Aslen Filistinli olan Büşra Hanım bize çiftliği gezdirirken, bir yandan da eşi Bilal Bey’in hikayesini anlattı. Asıl adı Patrick olan Amerikalı Bilal Bey, Harvard Üniversitesi Edebiyat Bölümü’nde okurken Hristiyanmış. Dil ve Anlatım dersleri müfredatında Shakespeare ve birçok ünlü yazarın eserlerinin yanı sıra, kutsal kitapları da incelemişler. Bunlar arasından Kur’an’ın dili ve içeriği Bilal Bey’i çok etkilemiş. Bir süre kendi ile mücadele etmiş ve sonra da teslim olarak Müslüman olmaya karar vermiş.

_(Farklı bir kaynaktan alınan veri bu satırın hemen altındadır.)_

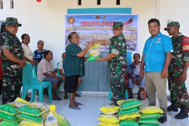 Halmahera Utara, – Dalam rangka memperingati Hari Ulang Tahun (HUT) ke-80 Tentara Nasional Indonesia (TNI), Komando Distrik Militer (Kodim) 1508/Tobelo bersama Komite Nasional Pemuda Indonesia (KNPI) Kabupaten Halmahera Utara melaksanakan kegiatan bakti sosial berupa pembagian bahan pangan kepada masyarakat pesisir.
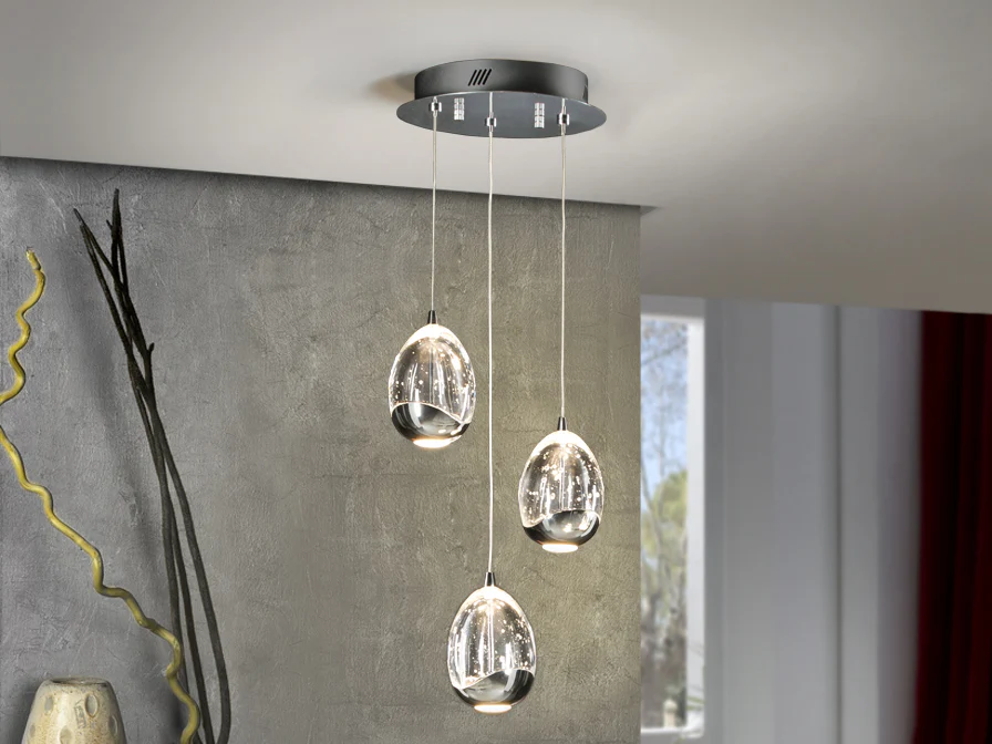 La lámpara Rocío de Schuller es una obra maestra de la iluminación moderna. Su estructura de metal con acabado cromo ofrece un brillo sutil y elegante, complementado a la perfección por las tulipas de cristal macizo. Estas tulipas, con su forma de gota y burbujas decorativas en su interior, crean un efecto visual fascinante, difundiendo la luz de manera suave y uniforme. El metal, frío al tacto y robusto, garantiza durabilidad y resistencia al paso del tiempo, mientras que el cristal añade un toque de lujo y sofisticación. Schuller, sinónimo de calidad premium y diseño exigente, ha cuidado cada detalle para ofrecer una lámpara que no solo ilumina, sino que también embellece.
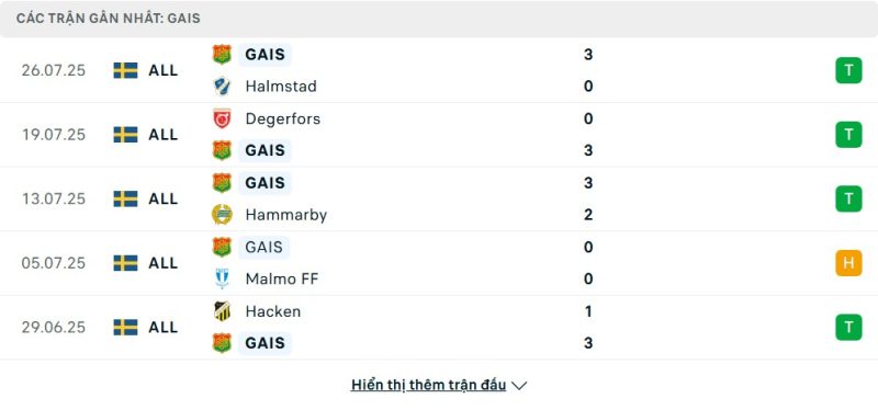 GAIS đang cho thấy sự tự tin và hiệu quả trong từng pha triển khai bóng. Lối đá của họ dựa trên tính tổ chức cao, tận dụng tốt tốc độ và kỹ thuật của các tiền vệ cánh. Ở các trận gần đây, GAIS thường xuyên đẩy cao đội hình sau hiệp 1 và tạo ra khác biệt nhờ sự lạnh lùng trong dứt điểm. Họ cũng ít khi bị cuốn vào lối chơi hỗn loạn, mà ngược lại rất biết cách điều tiết nhịp độ trận đấu. Điều này khiến GAIS trở thành đối thủ khó chịu cho bất kỳ đội bóng nào ở thời điểm hiện tại.
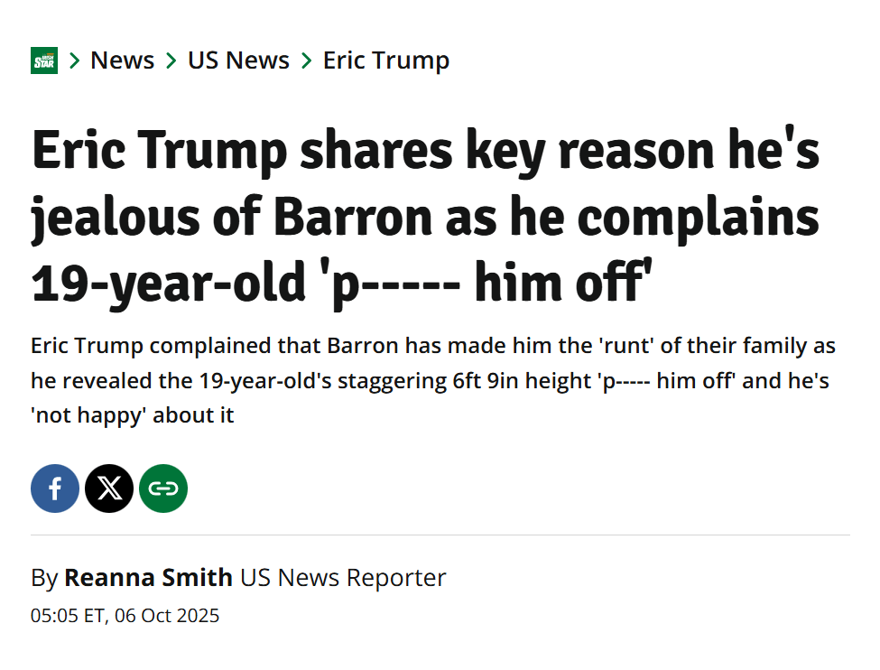Wait they censored “pisses”?! And Barron is almost 7ft tall?! Is this like how trump is “6ft3”?
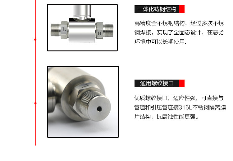 SIN-6100系列一體化差壓變送器采用OEM硅壓阻式差壓充油芯體組裝而成。外殼為全不銹鋼結(jié)構(gòu),兩個壓力接口為螺紋連接,可直接安裝在測量管道上或通過引壓管連接。
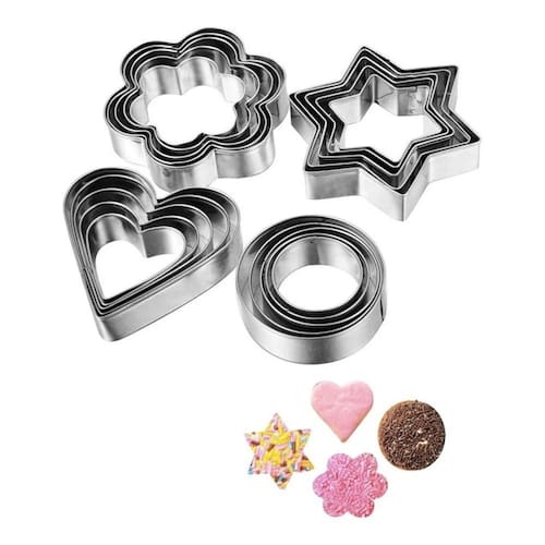 12 cortadores de biscoitos com diferentes desenhos - Cor: prata. - Material: aço inoxidável. Formulários: - 3 círculos. Medidas: 3,2 cm de diâmetro.4, 2cm de diâmetro.5cm de diâmetro.- 3 flores. Medidas: 3,7 cm, 5 cm, 6,5 cm.- 3 estrelas: 3 cm, 5 cm, 6,5 cm.- 3 corações. Medidas: 3,7 cm x 4 cm. 4,2 cm x 4,5 cm. 5,9 cm x 5 cm.- Material: aço inoxidável.- Ideal para cortar massa de biscoito, massa de fondant e argila artesanal. As crianças gostam de jogos divertidos.\ n-Fácil de usar e limpar.\ n para fazer biscoitos, chocolate, etc.\ n-Belo design.\ n-Decore seus biscoitos ou bolos. O pacote inclui\ n-x12 peças de moldes para biscoitos.
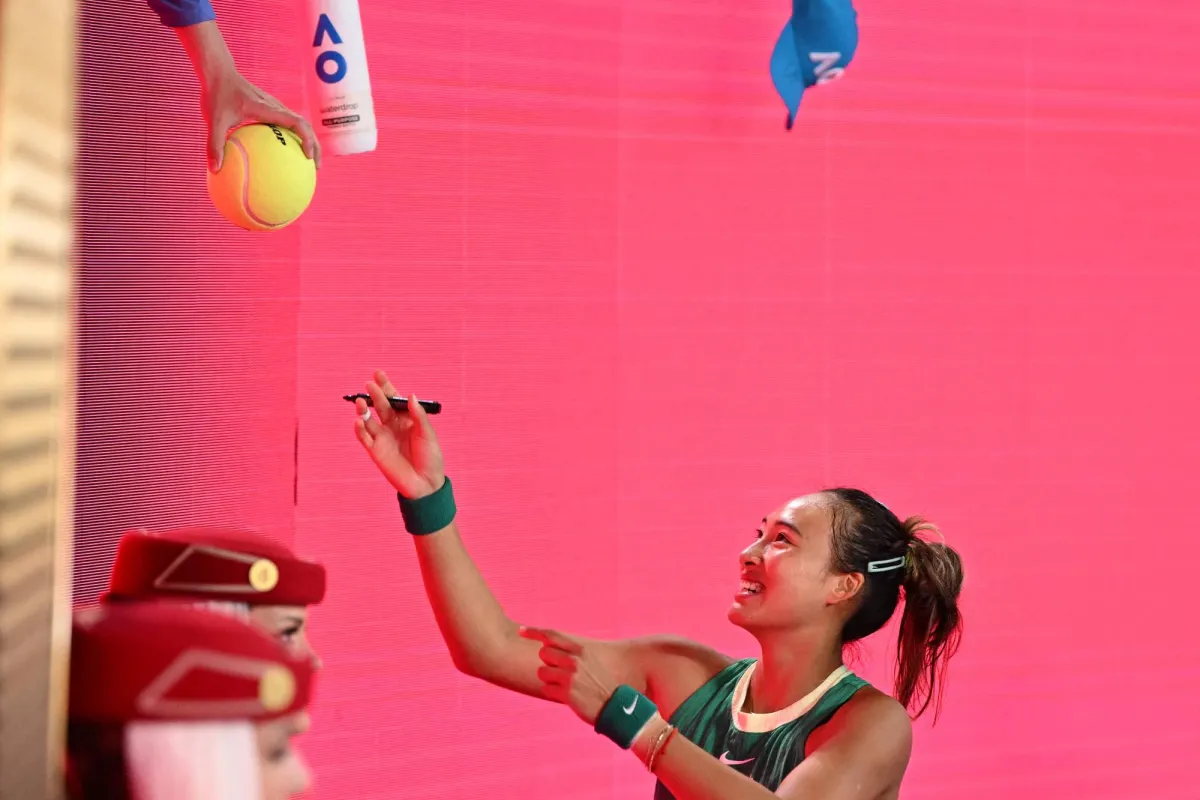 وتغلبت تشينغ على الروسية كالينسكايا 6 - 7 و6 - 3 و6 - 1 في دور الثمانية، وتحدثت بعد ذلك عن محادثتها القصيرة مع ديوكوفيتش في اليوم السابق، عندما التقيا بعد حصتهما التدريبية قبل مباراة اللاعب الصربي مع تيلور فريتز في دور الثمانية.
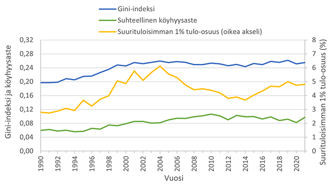 Kuvio 1: Tulojen eriarvoisuus Suomessa vuosina 1990–2021 25–60-vuotiaiden keskuudessa. Käytettävissä olevien tulojen jakauman tasa-arvoisuutta mittaava Gini-indeksi (sininen käyrä), suurituloisimman 1 prosentin tulo-osuus (keltainen käyrä) ja suhteellinen köyhyys (vihreä käyrä).
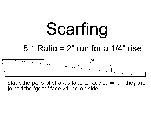 (click on the pic to get the full size) Step 1 was to make the boards I cut from an 8 foot sheet of plywood into 16 foot strakes. For this you must 'scarf' the ends and glue them together. There is another method called a butt-joint, but it is less elegant. It was about here that I noticed I hadn't brought along the boards that make the keel (I pre-cut all the pieces at home while I was planning this trip), and it was too late to buy another sheet of plywood locally. I decided to scarf what I had and do the keel the next day. |

Bilal Bey, eğitimini tamamladıktan sonra kendi hayatında yaşadığı önemli değişimle birlikte, her şeyin başı temiz gıda diye düşünerek yepyeni bir alana yönelmiş: Tarım konusunda kendini yetiştirmek için çeşitli programlar dahilinde derslere katılmış ve sertifikalar almış. Nihayet, “good food” sloganı ile kendi çiftliğini (Stony Brook Valley Farm) kurmuş. (http://www.newenglandtowncrier.com/wordpress/?page_id=3820)
Çiftlikten aldığımız tavuğun ve yumurtaların tadının ne kadar farklı olduğuna hayret ederken, bir yandan da Büşra Hanım’ın bize hayvanları gösterirken, onları sanki ailenin fertlerindenmiş gibi nasıl sevdiğini ve onlara sürekli dua okuyup üflediğini hep hatırladık.
“Bana ne yediğini söyle, sana kim olduğunu söyleyeyim” diyen Fransız tıp alimi Jean Anthelme’nin hakkını teslim etmeli. Zira yemek sadece açlığı gidermek anlamına gelmiyor, bizi insan kılan bedenimizi, zihnimizi ve ruhumuzu da besliyor.
Amerika’da bulunan market araştırma firması MINTEL tarafından yapılan bir araştırmaya göre, özel kesim et ürünlerini tercih eden beş kişiden üçü, bunu dini gerekçelerle değil daha temiz olduğuna inandığı için yapıyor. Kimilerinin dudak bükerek değerlendirdiği “helal” damgalı ürünler, Yahudi Şeriatı’na göre üretilen “koşer” ürünler gibi henüz Amerika çapında her süpermarkette satılacak kadar büyük bir pazara sahip olmasa bile, yine de ismini ve önemini kanıtlamış durumdadır.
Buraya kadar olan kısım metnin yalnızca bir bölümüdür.